Confessions   //   October 9, 2025

They laid off the employee – on a Zoom call – who ‘built their entire product line’

Eric saw the writing on the wall, but he still wasn’t fully prepared for how it went down.

For him, 13 truly turned out to be an unlucky number. After having worked 13 years at a marketing agency, he was laid off in what he described as the most callous, scripted episode he’d ever experienced. Eric (not his real name) was one of 13 employees pulled into a Zoom call one afternoon and told, “There’s no easy way to say this — today’s your last day.”

No severance. No warning. Just a rehearsed speech about tight budget and tough decisions.

The irony was stark: Eric had literally built the product line the company is still selling today. When he started there, nobody at the company had any experience in his area of expertise; Eric pioneered it from the ground up, as he explained, reaching out to mentors at other agencies, teaching himself along the way and eventually turning it into the company’s main revenue source.

The company is still making money off that service — only now, it’s farming out the work to contractors via the freelancer platform Upwork.

Eric’s is just one example of the rise in ham-handed terminations, with employers firing long-valued team members via everything from mass emails to, as in his case, Zoom calls. Workplace strategist Mita Mallick, author of The Devil Emails at Midnight: What Good Leaders Can Learn From Bad Bosses, has a simple message for employers who rely on technology to deliver bad news: Don’t do it. “A large layoff is no excuse to not offer in-person conversations and treat your employees with the kindness and respect they deserve,” she said.

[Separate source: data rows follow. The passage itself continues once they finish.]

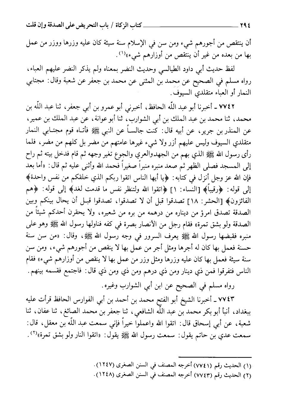 7742 - أَخْبَرَنَا أَبُو عَبْدِ اللهِ الْحَافِظُ، أَخْبَرَنِي أَبُو عَمْرِو بْنُ أَبِي جَعْفَرٍ، ثنا عَبْدُ اللهِ بْنُ مُحَمَّدٍ، ثنا مُحَمَّدُ بْنُ عَبْدِ الْمَلِكِ بْنِ أَبِي الشَّوَارِبِ، ثنا أَبُو عَوَانَةَ، عَنْ عَبْدِ الْمَلِكِ بْنِ عُمَيْرٍ، عَنِ الْمُنْذِرِ بْنِ جَرِيرٍ، عَنْ أَبِيهِ، قَالَ: كُنْتُ جَالِسًا عَندَ النَّبِيِّ صَلَّى اللهُ عَلَيْهِ وَسَلَّمَ، فَأَتَاهُ قَوْمٌ مُجْتَابِي النِّمَارِ مُتَقَلِّدِي السُّيُوفِ وَلَيْسَ عَلَيْهِمْ آزُرٌ وَلَا شَيْءَ غَيْرَهَا، عَامَّتُهُمْ مِنْ مُضَرَ، بَلْ كُلُّهُمْ مِنْ مُضَرَ، فَلَمَّا رَأَى رَسُولُ اللهِ صَلَّى اللهُ عَلَيْهِ وَسَلَّمَ الَّذِي بِهِمْ مِنَ الْجَهْدِ وَالْعُرَى وَالْجُوعِ تَغَيَّرَ وَجْهُهُ، ثُمَّ قَامَ فَدَخَلَ بَيْتَهُ ثُمَّ رَاحَ إِلَى الْمَسْجِدِ فَصَلَّى الظُّهْرَ ثُمَّ صَعِدَ مِنْبَرَهُ مِنْبَرًا صَغِيرًا، فَحَمِدَ اللهَ وَأَثْنَى عَلَيْهِ، ثُمَّ قَالَ: " أَمَّا بَعْدُ فَإِنَّ اللهَ عَزَّ وَجَلَّ أَنْزَلَ فِي كِتَابِهِ: {يَا أَيُّهَا النَّاسُ اتَّقُوا رَبَّكُمُ الَّذِي خَلَقَكُمْ مِنْ نَفْسٍ وَاحِدَةٍ} [النساء: 1] إِلَى قَوْلِهِ: {رَقِيبًا} [النساء: 1] {اتَّقُوا اللهَ وَلْتَنْظُرْ نَفْسٌ مَّا قَدَّمَتْ لِغَدٍ} [الحشر: 18] إِلَى قَوْلِهِ: {هُمُ الْفَائِزُونَ} [الحشر: 20] §تَصَدَّقُوا قَبَلَ أَنْ لَا تَصَدَّقُوا، تَصَدَّقُوا قَبَلَ أَنْ يُحَالَ بَيْنَكُمْ وَبَيْنَ الصَّدَقَةِ، تَصَدَّقَ امْرُؤٌ مِنْ دِينَارِهِ، مِنْ دِرْهَمِهِ، مِنْ بُرِّهِ، مِنْ شَعِيرِهِ، وَلَا يَحْقِرَنَّ أَحَدُكُمْ شَيْئًا مِنَ الصَّدَقَةِ وَلَوْ بِشِقِّ تَمْرَةٍ ". فَقَامَ رَجُلٌ مِنَ الْأَنْصَارِ بِصُرَّةٍ فِي كَفِّهِ، فَنَاوَلَهَا رَسُولَ اللهِ صَلَّى اللهُ عَلَيْهِ وَسَلَّمَ، وَهُوَ عَلَى مِنْبَرِهِ، فَقَبَضَهَا رَسُولُ اللهِ صَلَّى اللهُ عَلَيْهِ وَسَلَّمَ يُعْرَفُ السُّرُورُ فِي وَجْهِ رَسُولِ اللهِ صَلَّى اللهُ عَلَيْهِ وَسَلَّمَ، وَقَالَ: " مَنْ سَنَّ سُنَّةً حَسَنَةً فَعَمِلَ بِهَا كَانَ لَهُ أَجْرُهَا وَمِثْلُ أَجْرِ مَنْ عَمِلَ بِهَا لَا يَنْقُصُ مِنْ أُجُورِهِمْ شَيْءٌ , وَمَنْ سَنَّ سُنَّةً سَيِّئَةً فَعَمِلَ بِهَا كَانَ عَلَيْهِ وِزْرُهَا وَمِثْلُ وِزْرِ مَنْ عَمِلَ بِهَا لَا يَنْقُصُ مِنْ أَوْزَارِهِمْ شَيْءٌ ". فَقَامَ النَّاسُ فَتَفَرَّقُوا فَمِنْ ذِي دِينَارٍ، وَمِنْ ذِي دِرْهَمٍ، وَمِنْ ذِي وَمِنْ ذِي، قَالَ: فَاجْتَمَعَ فَقَسَمَهُ بَيْنَهُمْ. رَوَاهُ مُسْلِمٌ فِي الصَّحِيحِ عَنِ ابْنِ أَبِي الشَّوَارِبِ وَغَيْرِهِ
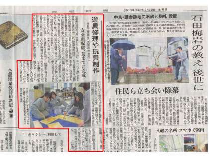本校システム工学科テクノシステムコース2年生の創造研求2地域貢献班が取り組んだ保育園連携ならびに企業連携事業の内容が、平成27年3月20日の京都新聞に掲載されました。
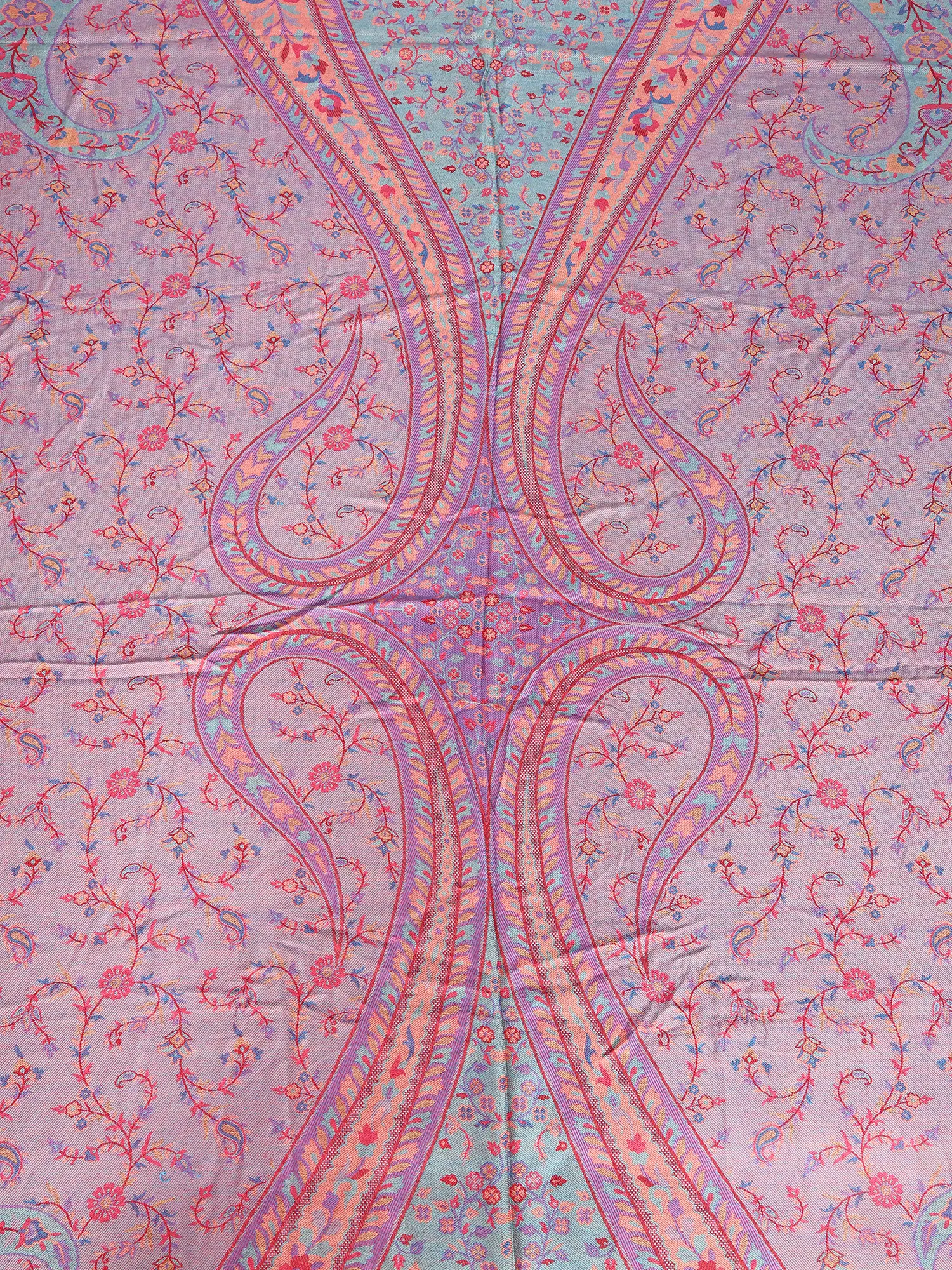 Reversible Jamawar Bedspread with Woven Tree of Life

“A large layoff is no excuse to not offer in-person conversations and treat your employees with the kindness and respect they deserve.”
Mita Mallick,
workplace strategist and author

For Eric, what stung most was the “We’re like a family” speech management gave employees while literally kicking them out the door. It so bothered Eric, in fact, that he spoke up about it during the meeting: “This is a business. Don’t call us family when you’re being this callous. Family wouldn’t do this to each other.” The crocodile tears only added insult to injury, as he saw it.

Fortunately, Eric had had a second gig for almost a year because he sensed the instability at his day job. When the layoffs happened there, he immediately reached out to his part-time employer, who made him full-time in short order.

The whole experience at his ex-employer felt like an episode of HBO’s “Succession,” Eric related — remote, dehumanizing and purely about numbers.

What bothered him most wasn’t losing his job, he insisted; it was how management handled it. A little warning might have helped the team prepare, some transparency about the company’s financial situation rather than pretending everything was fine until the moment terminations were executed.

Eric was fortunate to land on his feet quickly; many people aren’t so lucky. But his experience confirmed every horror story he’d ever heard about how companies treat people on the way out.

“It’s just business,” they shrug.

The truth is, being let go affects virtually every element of a person’s life — something Eric thinks management ought to remember.